Unnamed: 0,diabetes,num preg,plasma,bp,skin fold,insulin,bmi,pedigree,age,ones
0,0,-0.294118,0.487437,0.180328,-0.292929,-1.0,0.00149,-0.53117,-0.033333,1.0
1,1,-0.882353,-0.145729,0.081967,-0.414141,-1.0,-0.207153,-0.766866,-0.666667,1.0
2,0,-0.058824,0.839196,0.04918,-1.0,-1.0,-0.305514,-0.492741,-0.633333,1.0
3,1,-0.882353,-0.105528,0.081967,-0.535354,-0.777778,-0.162444,-0.923997,-1.0,1.0
4,0,-1.0,0.376884,-0.344262,-0.292929,-0.602837,0.28465,0.887276,-0.6,1.0


This model has 9 input variables $x_0, \dots, x_8$ where $x_8$ is the dummy input variable fixed at 1. (The fixed dummy input variable could easily be $x_5$ or $x_7$, it's index is unimportant.) We set the basis functions to the simplest choice $\phi_0(\mathbf{x}) = x_0, \dots, \phi_8(\mathbf{x}) = x_8$. Our model then has the form
$$
  y(\mathbf{x}) = \sigma(\sum_{j=0}^{8} w_j x_j) = \sigma(\mathbf{w}^T \mathbf{x}.)
$$
Here we have a dataset, $\{(\mathbf{x}_n, t_n)\}_{n=0}^{N}$ where $t_n \in \{0, 1\}$, with $N + 1 =767 + 1 = 768$ examples. We train our model by finding the parameter vector $\mathbf{w}$ which minimizes the (data-dependent) cross-entropy error function
$$
  E_D(\mathbf{w}) =  - \sum_{n=0}^{N} \{t_n \ln \sigma(\mathbf{w}^T \mathbf{x}_n) + (1 - t_n)\ln(1 - \sigma(\mathbf{w}^T \mathbf{x}_n))\}.
$$
The gradient of this function is given by
$$
  \nabla E(\mathbf{w}) = \sum_{i=0}^{N} (\sigma(\mathbf{w}^T \mathbf{x}_n) - t_n)\mathbf{x}_n.
$$
We can then implement these as follows:

In [5]:
def cost(w, X, y, c=0):
    """
    Returns the cross-entropy error function with (optional) sum-of-squares regularization term.
    
    w -- parameters
    X -- dataset of features where each row corresponds to a single sample
    y -- dataset of labels where each row corresponds to a single sample
    c -- regularization coefficient (default = 0)
    """
    outputs = expit(X.dot(w)) # Vector of outputs (or predictions)
    return -( y.transpose().dot(np.log(outputs)) + (1-y).transpose().dot(np.log(1-outputs)) ) + c*0.5*w.dot(w)

def grad(w, X, y, c=0):
    """
    Returns the gradient of the cross-entropy error function with (optional) sum-of-squares regularization term.
    """
    outputs = expit(X.dot(w))
    return X.transpose().dot(outputs-y) + c*w
    
def train(X, y,c=0):
    """
    Returns the vector of parameters which minimizes the error function via the BFGS algorithm.
    """
    initial_values = np.zeros(X.shape[1]) # Error occurs if inital_values is set too high
    return opt.fmin_bfgs(cost, initial_values, fprime=grad, args=(X,y,c))

def predict(w, X):
    """
    Returns a vector of predictions. 
    """
    return expit(X.dot(w))

We test $\texttt{accpm}$ against the parameters attained using SciPy's $\texttt{fmin_bfgs}$ function via the $\texttt{train}$ function.

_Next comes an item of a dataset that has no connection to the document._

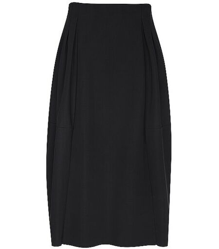 Damen Midirock aus Stretch Zwei Eingrifftaschen Falten-Details Tulpenform Unifarben Farbbezeichnung: Black Material: 73% Polyamid, 27% Elasthan ...

The latter produces the following:

In [10]:
y = data['diabetes'].values
X = data[['num preg', 'plasma', 'bp', 'skin fold', 'insulin', 'bmi', 'pedigree', 'age', 'ones']].values
theta_best1 = train(X, y)
print('---------------- Results ----------------')
print("The parameters attained using SciPy's fmin_bfgs are\n", theta_best1)
print('With these parameters the gradient is\n', grad(theta_best1, X, y))
print('With these parameters the norm of the gradient is', np.linalg.norm(grad(theta_best1, X, y)))

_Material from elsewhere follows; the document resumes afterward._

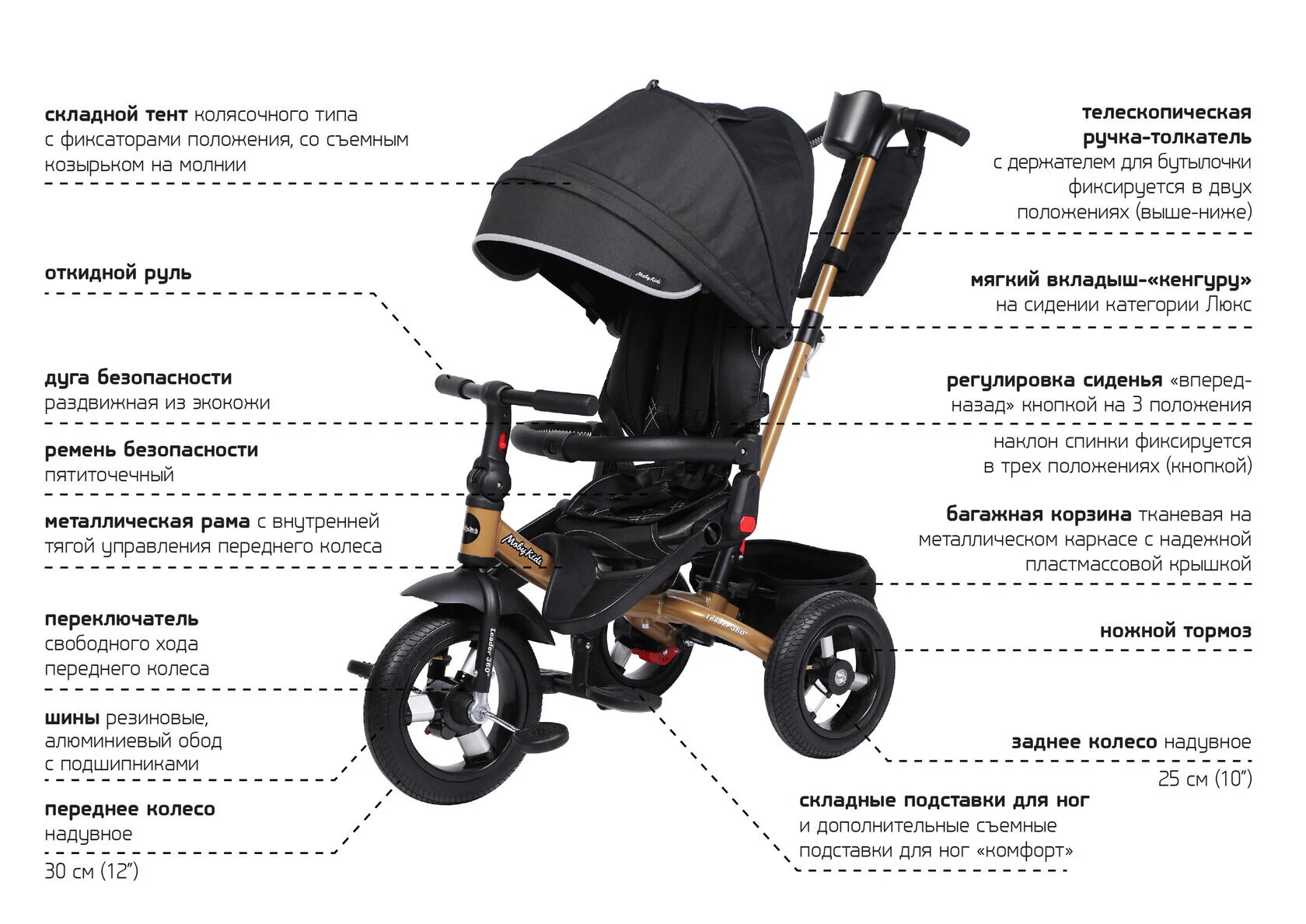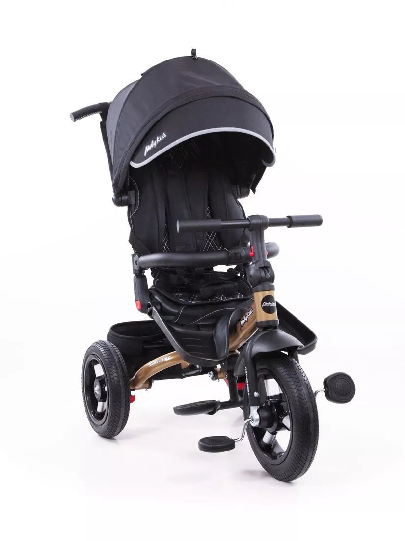 Велосипед трехколесный Moby Kids Leader 360, колеса 12 и 10 дюймов, AIR, черный, экокожа (63127)

Optimization terminated successfully.
         Current function value: 361.722693
         Iterations: 18
         Function evaluations: 30
         Gradient evaluations: 30
---------------- Results ----------------
The parameters attained using SciPy's fmin_bfgs are
 [-1.05 -3.5   0.81 -0.03  0.5  -3.01 -1.11 -0.45  0.2 ]
With these parameters the gradient is
 [ -6.32e-07  -3.74e-07  -9.98e-07  -6.60e-07   4.10e-08  -4.18e-07
   3.97e-07  -6.32e-07  -3.97e-07]
With these parameters the norm of the gradient is 1.69104497808e-06


The former gives the following where we take the initial polyhedron to be the 9-dimensional cube centered at the origin with side length 20:

In [11]:
A = []
b = []
for i in range(theta_best.shape[0]):
    a_upper = [0]*theta_best.shape[0]
    a_lower = [0]*theta_best.shape[0]
    a_upper[i] = 1
    a_lower[i] = -1
    A.append(a_upper)
    A.append(a_lower)
    b.append(10)
    b.append(10)

A = np.array(A, dtype = accpm.myfloat)
b = np.array(b, dtype = accpm.myfloat)

theta_best2 = accpm.accpm(A, b, cost, grad, args = (X, y),
                          alpha=0.01, beta=0.7, start=1, maxiter = 300, 
                          summary=1, testing=1)[1]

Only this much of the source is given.